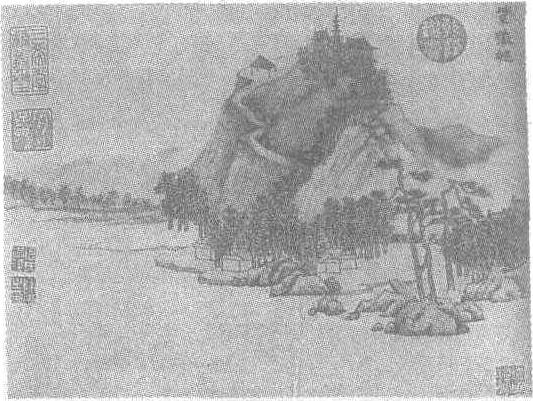 释义 | 陈淳紫薇村图页 陈淳紫薇村图页明。陈淳(见《陈淳竹石菊花图轴》条目)绘。纸本设色。纵23厘米,横30.6厘米。北京故宫博物院藏。此图描绘了江南的一座小山村。左下绘大片湖水,湖上一山突起,山下,古松高耸,林木平整。树下面掩映许多整齐房舍,山道弯弯直通山顶,山顶上树木葱郁,亭阁塔寺显露其间。远处,树木依稀,远山朦胧。设色淡逸,意境深远孤幽。用笔疏简,随意点染,笔意放纵。右上自题隶书“紫薇村”三字。钤〈陈道复氏〉、〈陈淳之印〉印二方。 ☚ 陈淳葵石图轴 陆治三峰春色图轴 ☛ |
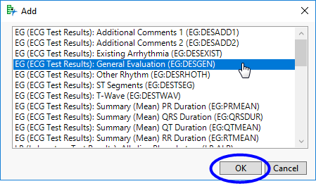 | 8 | Click to open the Add window (shown below) that lists each variable contained in EG, LB, and VS and respective SUPPxx data sets (if merged). |
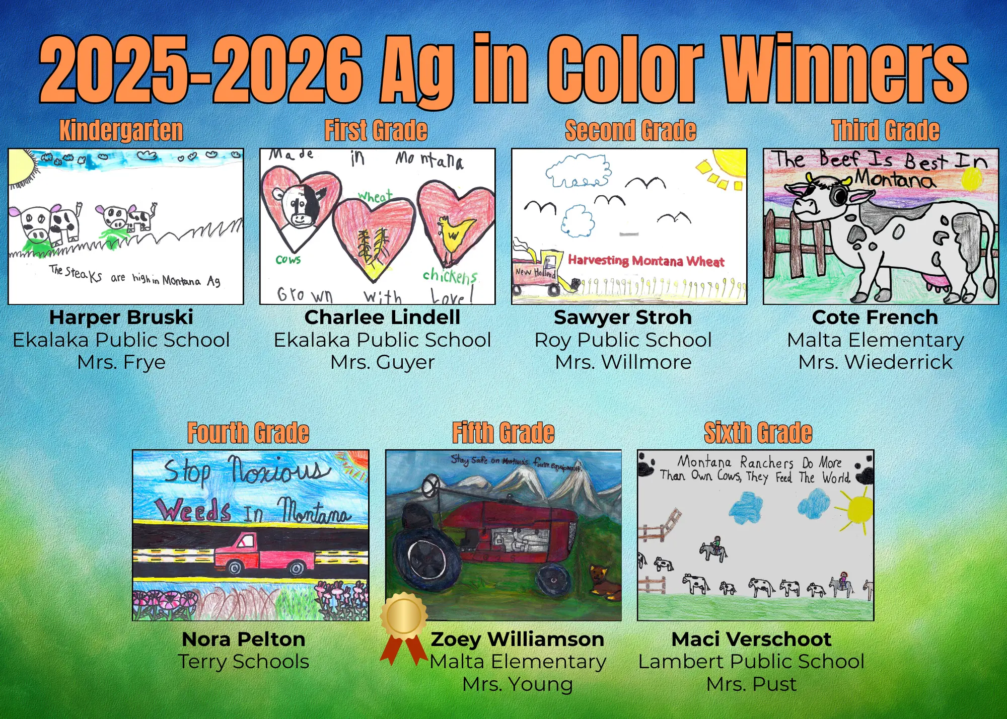The ‘Ag in Color’ drawing contest is open to all students and educators across Montana. Categories are designated for grades K-6. Teachers and parents are encouraged to visit our Teacher Resources page for lesson plans and information about each category. Entries must be submitted to the County Farm Bureau by December 4, 2026. The County Farm Bureau will submit the local winners to the Montana Farm Bureau for statewide consideration by December 18, 2026. Drawings are judged by the Montana Farm Bureau Women’s Leadership Committee and other volunteers on agricultural content, originality, neatness, and reproducibility. Winning entries will be printed and distributed on usable items and other educational materials.
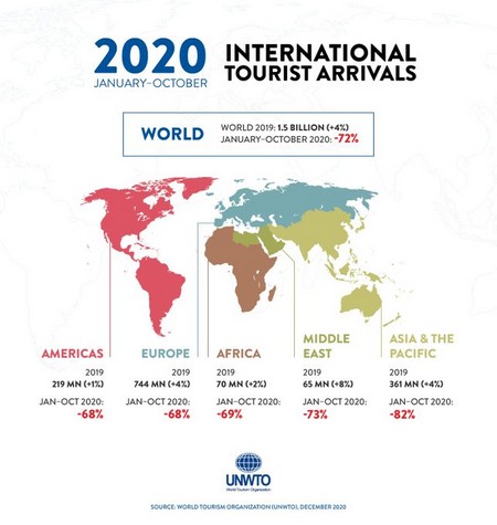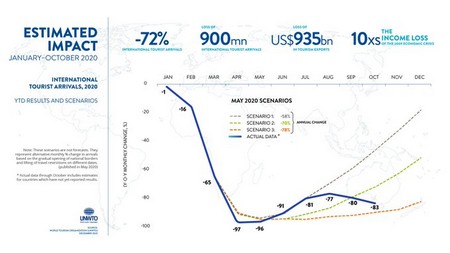 Cette situation se traduit par une perte de 935 milliards $ de recettes d'exportation du tourisme international à fin octobre 2020, « soit plus de dix fois la perte enregistrée en 2009 sous l'impact de la crise économique mondiale».
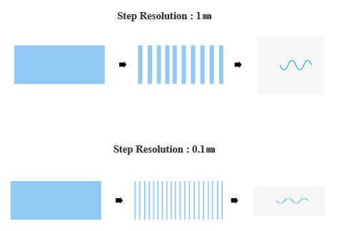 스텝핑 모터의 해상도(resolution)가 작을수록 유량을 미세하게 쪼개어 맥동을 줄일 수 있습니다.
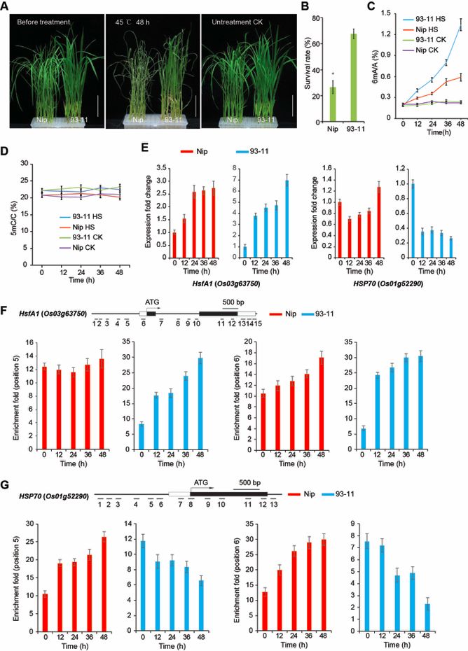 根據(jù)SMRT測(cè)序結(jié)果,篩選出候選的6mA修飾的熱脅迫相關(guān)基因,如熱休克轉(zhuǎn)錄因子A1(HsfA1)和熱休克蛋白70(HSP70)。HSFA1是熱脅迫反應(yīng)的主要轉(zhuǎn)錄調(diào)控因子,其在非脅迫條件下受到HSP70的抑制。HSFA1功能缺失導(dǎo)致熱脅迫敏感表型。HsfA1HSP70表達(dá)的變化與其6mA水平的變化呈正相關(guān),這可能是Nip和93-11之間熱脅迫耐受性差異的原因。
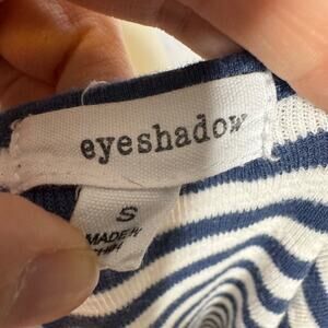 Eyeshadow Navy White Stripe Tie Front Tee Small Scallop Eyelet Sleeves
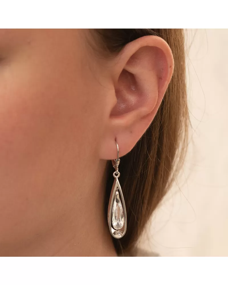 Náušnice jsou ve tvaru kapky, kterou zdobí krystal v bílé barvě a který je precizně vybroušen tak, aby odrážel co nejlépe světlo a dokonale se třpytil. Krystal je usazen tak, aby se volně pohyboval a tím zářil při každém pohybu.
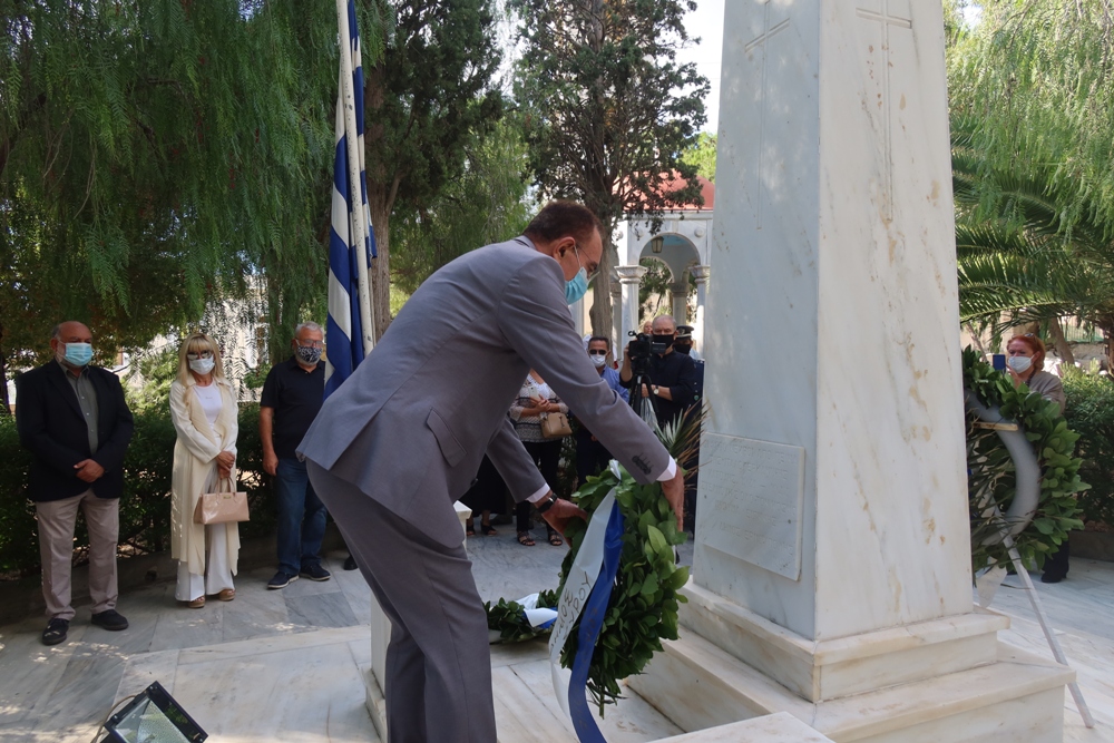 Στη συνέχεια, στο παρακείμενο μνημείο Θυμάτων Κατοχής, στο λεγόμενο «Κτήμα Χαρουλιαρη», τελέσθηκε επιμνημόσυνη δέηση και κατετέθησαν στέφανοι από τους εκπροσώπους των πολιτικών και στρατιωτικών Αρχών και των αντιστασιακών οργανώσεων.
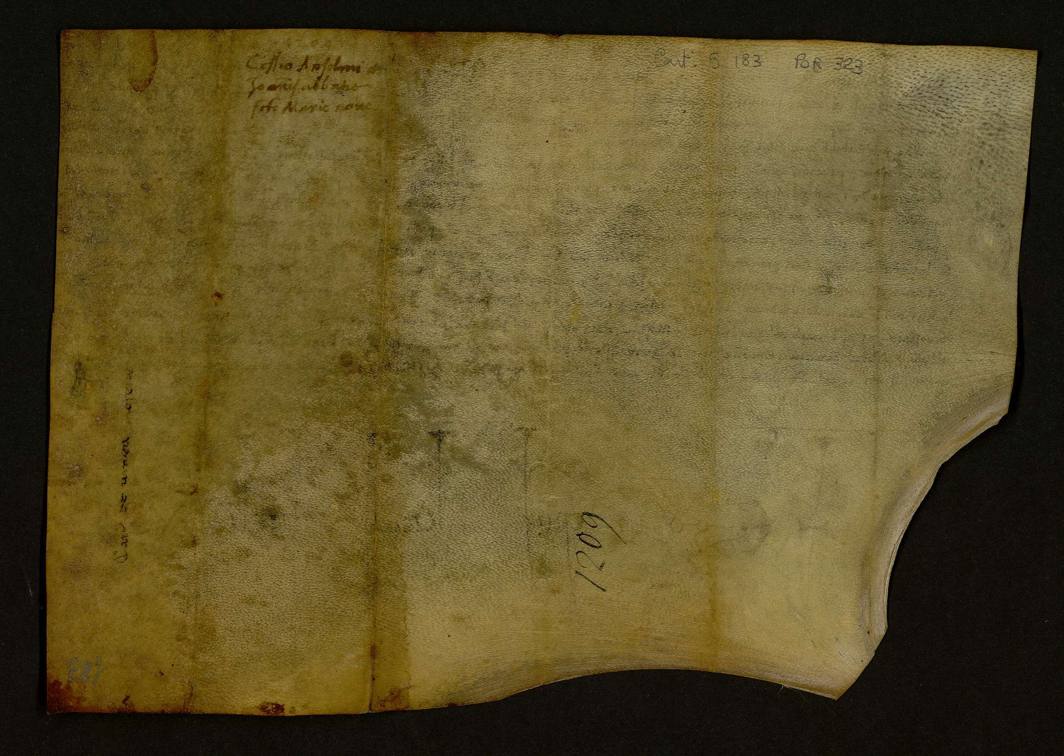 Per porre fine alla questione sorta con Roberto, abate della chiesa di S. Erasmo, per i beni immobili appartenuti ad Evo di Grusa e posseduti ora da Anselmo ed il sororius Giovanni, questi cedono al predetto abate una terra con vigna alla località Moreno. Pietro, notaio.

## ASSIGNMENT
Give back every record above exactly as written, skipping each picture.

## WRITTEN REPLY
 释义 | 陈淳紫薇村图页 陈淳紫薇村图页明。陈淳(见《陈淳竹石菊花图轴》条目)绘。纸本设色。纵23厘米,横30.6厘米。北京故宫博物院藏。此图描绘了江南的一座小山村。左下绘大片湖水,湖上一山突起,山下,古松高耸,林木平整。树下面掩映许多整齐房舍,山道弯弯直通山顶,山顶上树木葱郁,亭阁塔寺显露其间。远处,树木依稀,远山朦胧。设色淡逸,意境深远孤幽。用笔疏简,随意点染,笔意放纵。右上自题隶书“紫薇村”三字。钤〈陈道复氏〉、〈陈淳之印〉印二方。 ☚ 陈淳葵石图轴 陆治三峰春色图轴 ☛ |
 | 8 | Click to open the Add window (shown below) that lists each variable contained in EG, LB, and VS and respective SUPPxx data sets (if merged). |
The ‘Ag in Color’ drawing contest is open to all students and educators across Montana. Categories are designated for grades K-6. Teachers and parents are encouraged to visit our Teacher Resources page for lesson plans and information about each category. Entries must be submitted to the County Farm Bureau by December 4, 2026. The County Farm Bureau will submit the local winners to the Montana Farm Bureau for statewide consideration by December 18, 2026. Drawings are judged by the Montana Farm Bureau Women’s Leadership Committee and other volunteers on agricultural content, originality, neatness, and reproducibility. Winning entries will be printed and distributed on usable items and other educational materials.
 Cette situation se traduit par une perte de 935 milliards $ de recettes d'exportation du tourisme international à fin octobre 2020, « soit plus de dix fois la perte enregistrée en 2009 sous l'impact de la crise économique mondiale».
 스텝핑 모터의 해상도(resolution)가 작을수록 유량을 미세하게 쪼개어 맥동을 줄일 수 있습니다.
 根據(jù)SMRT測(cè)序結(jié)果,篩選出候選的6mA修飾的熱脅迫相關(guān)基因,如熱休克轉(zhuǎn)錄因子A1(HsfA1)和熱休克蛋白70(HSP70)。HSFA1是熱脅迫反應(yīng)的主要轉(zhuǎn)錄調(diào)控因子,其在非脅迫條件下受到HSP70的抑制。HSFA1功能缺失導(dǎo)致熱脅迫敏感表型。HsfA1HSP70表達(dá)的變化與其6mA水平的變化呈正相關(guān),這可能是Nip和93-11之間熱脅迫耐受性差異的原因。
 Eyeshadow Navy White Stripe Tie Front Tee Small Scallop Eyelet Sleeves
 Náušnice jsou ve tvaru kapky, kterou zdobí krystal v bílé barvě a který je precizně vybroušen tak, aby odrážel co nejlépe světlo a dokonale se třpytil. Krystal je usazen tak, aby se volně pohyboval a tím zářil při každém pohybu.
 Στη συνέχεια, στο παρακείμενο μνημείο Θυμάτων Κατοχής, στο λεγόμενο «Κτήμα Χαρουλιαρη», τελέσθηκε επιμνημόσυνη δέηση και κατετέθησαν στέφανοι από τους εκπροσώπους των πολιτικών και στρατιωτικών Αρχών και των αντιστασιακών οργανώσεων.
 Per porre fine alla questione sorta con Roberto, abate della chiesa di S. Erasmo, per i beni immobili appartenuti ad Evo di Grusa e posseduti ora da Anselmo ed il sororius Giovanni, questi cedono al predetto abate una terra con vigna alla località Moreno. Pietro, notaio.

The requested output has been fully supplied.